In Terri, all the characters manage to expose unflattering aspects of themselves. For all his goodness, Terri reveals a dark side when he becomes overzealous at catching mice in traps, causing Uncle James to tell him, “I didn’t even know you were capable of doing something so ugly.” When Terri tells Mr. Fitzgerald about the incident, he responds, “It’s blood lust, dude. It’s a hard habit to stop once you get started in on it.” Terri, however, later becomes angry when he realizes that he’s been lumped in with the other “monsters” at school, which causes Fitzgerald to tell him a personal story about growing up, which merely proves to be a part of his motivational shtick.

Mr. Fitzgerald may, in fact, be the most confused person in the entire film. He is shown to be a liar, a guy who pretends to chew kids out for the benefit of his elderly, dying secretary. Fitzgerald is someone with his own marital problems. His interactions, fraternization, and unprofessional comments about the personal lives of his students and staff would most likely get him fired (if anyone happened to be paying attention). It’s no surprise when graffiti appears on the side of the school building, announcing “Fitzgerald is a Zombie.” At one point during a session with Terri, Fitzgerald puts his head in his hands on the desk and despairingly tells him: “You know sometimes I just think I should leave you kids on your own. The way these other kids treat you, maybe that’s preparation for the real world.”

Mr. Fitzgerald later confesses to Terri, “Life’s a mess, dude. But we’re all doing the best we can . . .  So if I hurt you or if I lie to you, all I can tell you is ‘I’m sorry.’ And I will try to do better. Maybe I will do better, or maybe I’ll do even worse. I don’t know. I screw up all the time. Because that’s what people do.” Jacobs’s tale of adolescence seems to suggest that, despite everything that happens, Terri does find some consolation. Mr. Fitzgerald may be a terrible role model on many levels, but Terri manages to learn from him, along with the other cast of misfits, including poor Chad.
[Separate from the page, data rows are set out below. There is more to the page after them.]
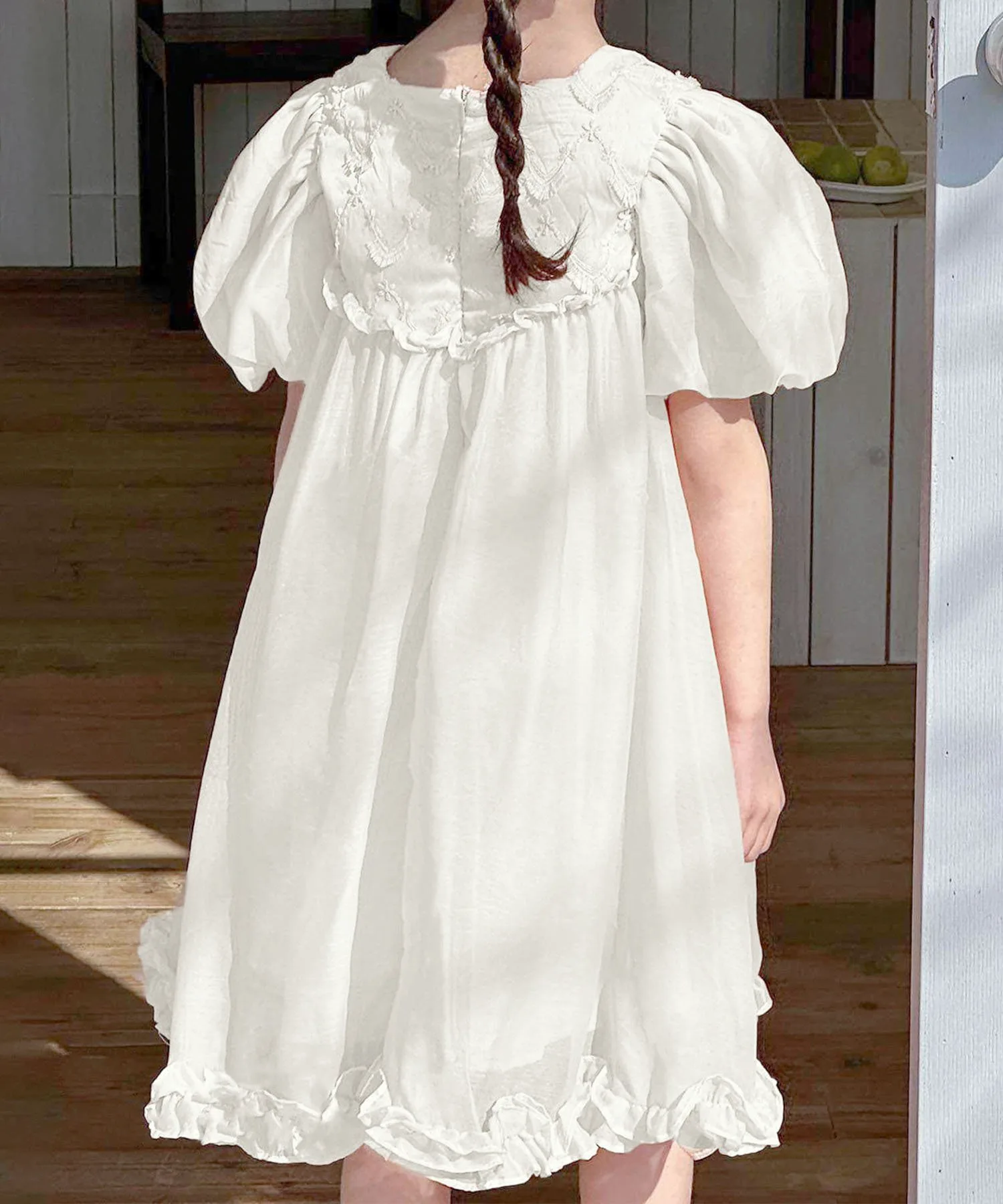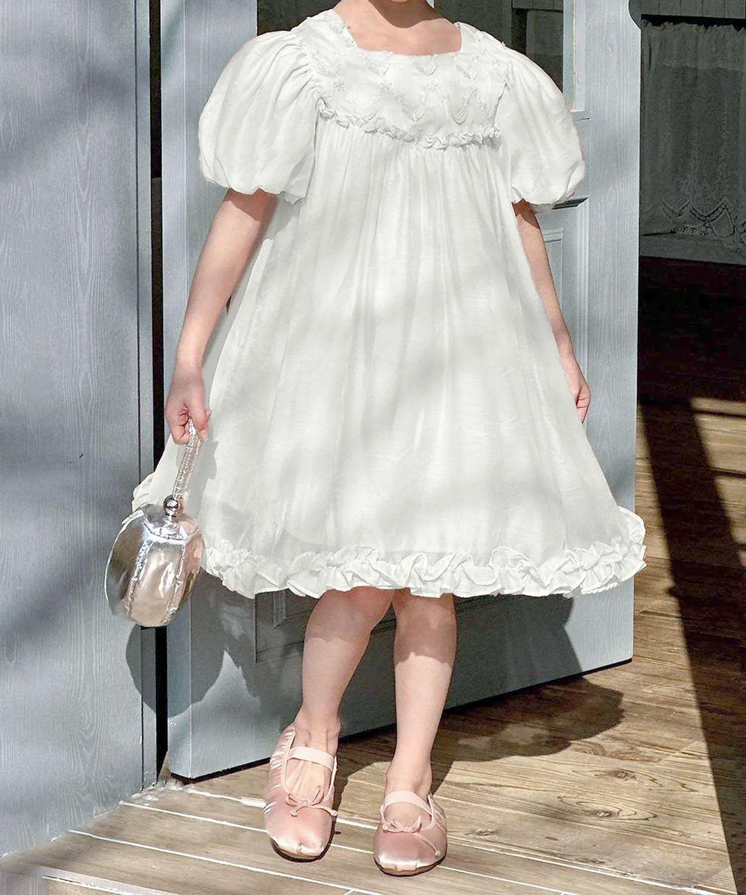 Объемные рукава-фонарики добавляют модный штрих, делая его идеальным для особых случаев.
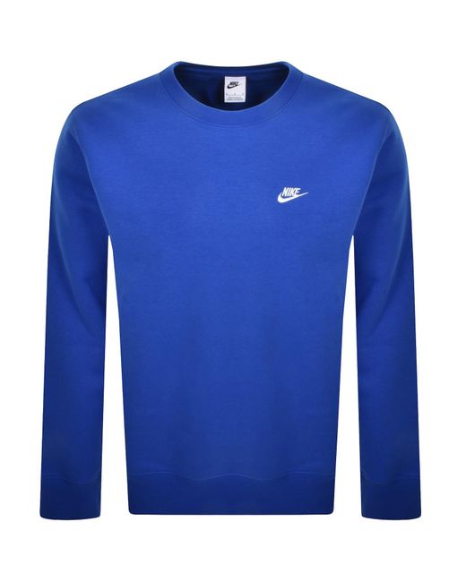 Nike Crew Neck Club Sweatshirt In Game Royal. Ribbed designs to the crew neck cuffs on the long sleeves and waistband. The signature Nike Swoosh logo is embroidered on the left of the chest in white. A soft fleece interior and top stitching in blue. 80% Cotton And 20% Polyester. Colour: blue
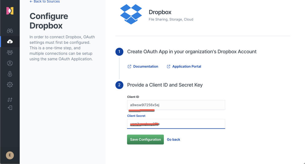 我们点击上面的 “Configure Dropbox”。我们输入自己的 ClientId 及 Secret:
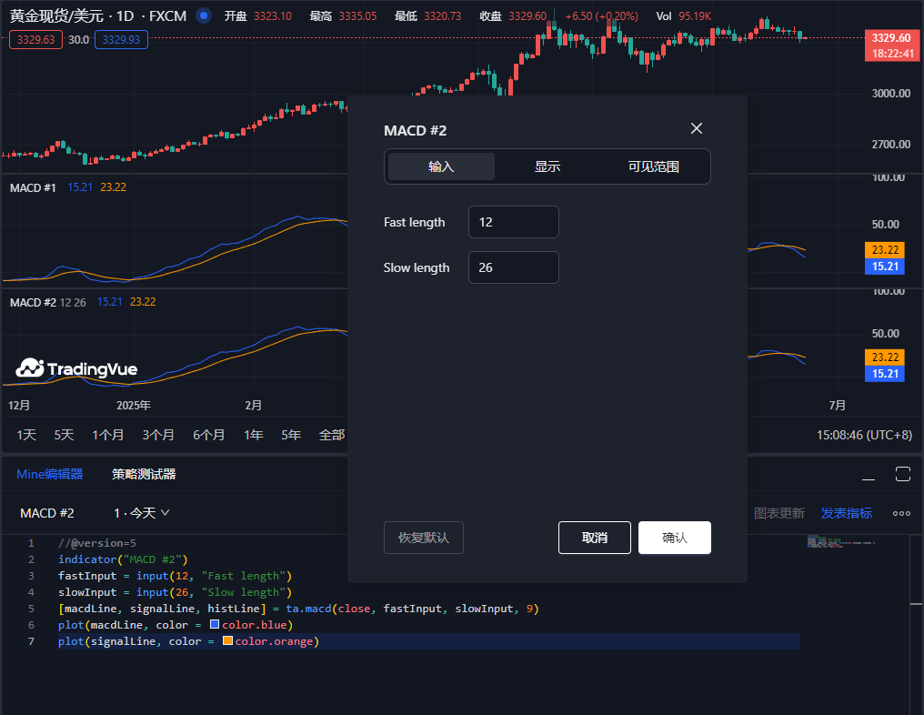 我们的脚本的第一个版本“手动”计算了 MACD,但由于 Mine Script 旨在编写指标和策略,因此许多常见指标都具有内置的 Mine Script 函数,其中包括一个用于 MACD 的函数: ta.macd()。
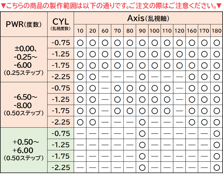CYL(乱視度数):-0.75、-1.25、-1.75、-2.25
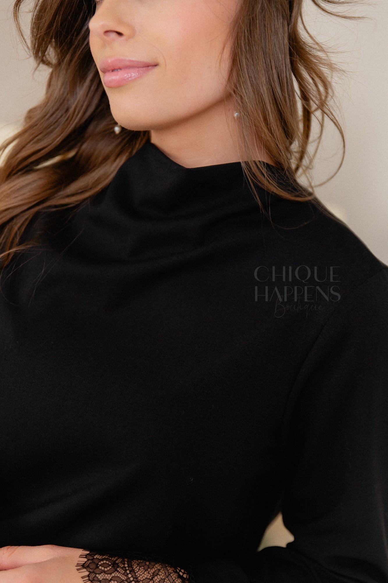 Een zwarte watervalblouse met delicate kanten mouwdetails — élégant en chique, perfect om elke outfit verfijnd af te werken!
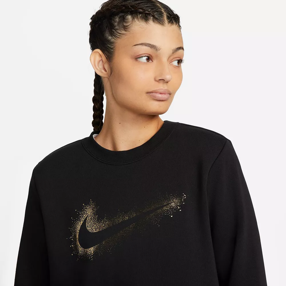 - Specks of galactic shine give shape to the Swoosh logo on this comfy crewneck
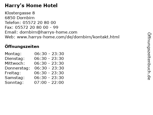 | Öffnungszeiten Harry's Home Hotel in Dornbirn anzeigen | |
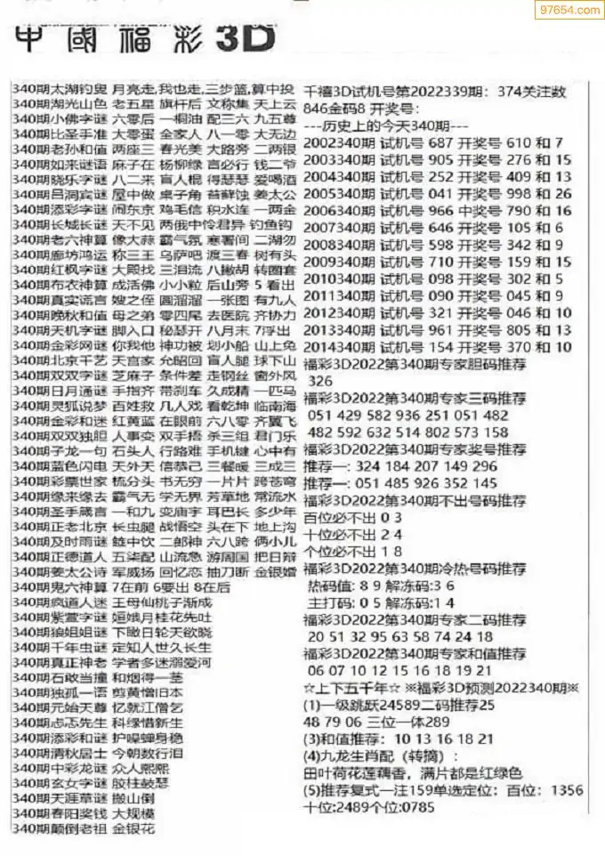 (3)2025340期3D预测总汇全图_福彩3d图谜字谜总汇
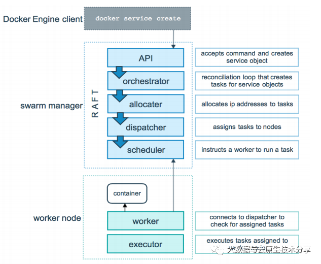 API:这个请求直接由Swarm manager的API进行接收,接收命令并创建服务对象。
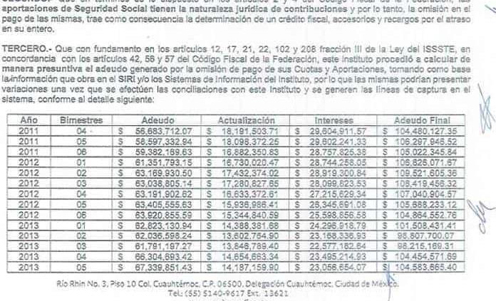 Los adeudos derivan de impagos atrasados de varios bimestres que se acumularon sin solventar durante los años 2011, 2012, 2013 y 2014: la SEGE hizo los descuentos a los trabajadores por concepto de seguros de retiro, cesantía y vejez, pero nunca enteró el dinero al ISSSTE. Con los moratorios, intereses y recargos, la cifra escaló por encima de los mil 200 millones de pesos.
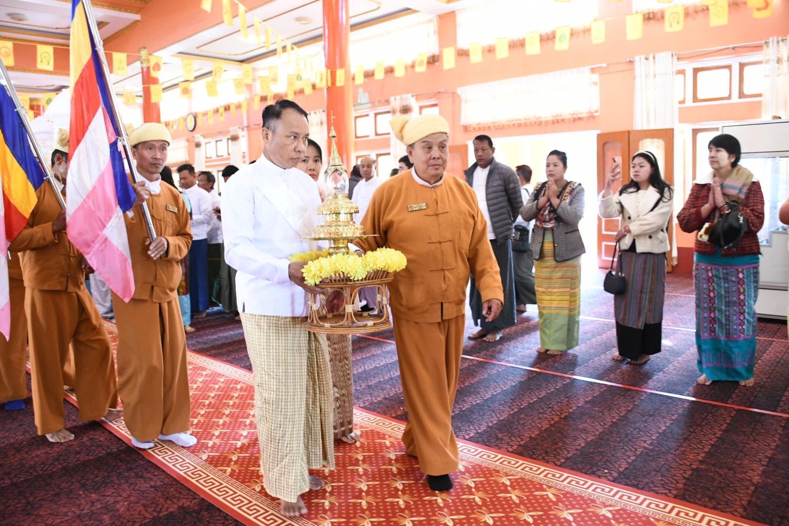 ထို့နောက် ဆရာတော်သံဃာတော် အရှင်သူမြတ်များထံက မေတ္တာသုတ်ပရိတ်တရားတော်များနာကြားခဲ့ပြီး အရှေ့မြောက်တိုင်းစစ်ဌာနချုပ်တိုင်းမှူးနှင့် တာဝန်ရှိသူများက လှူဖွယ်ဝတ္ထု အစုစုတို့အား ဆက်ကပ်လှူဒါန်းကာ ဆရာတော်အရှင်သူမြတ်များထံမှ ဩဝါဒကထာခံယူ၍ လှူဖွယ်ဝတ္ထုအစုစုတို့အတွက် ရေစက်သွန်းချအမျှပေးဝေခဲ့သည်။

Terri is not a tale of adolescent redemption. It resembles more honest films on the subject like Neal Jimenez and Tim Hunter’s River’s Edge or Antonio Campos’s Afterschool. Jacobs admits that he was more of a hardcore punk rocker in high school, which meant being “cowardly mean.” He told an interviewer at SXSW: “So, I don’t know, I’m not trying to make amends but it’s something that you think about as you get older . . . how you could have been nicer person.”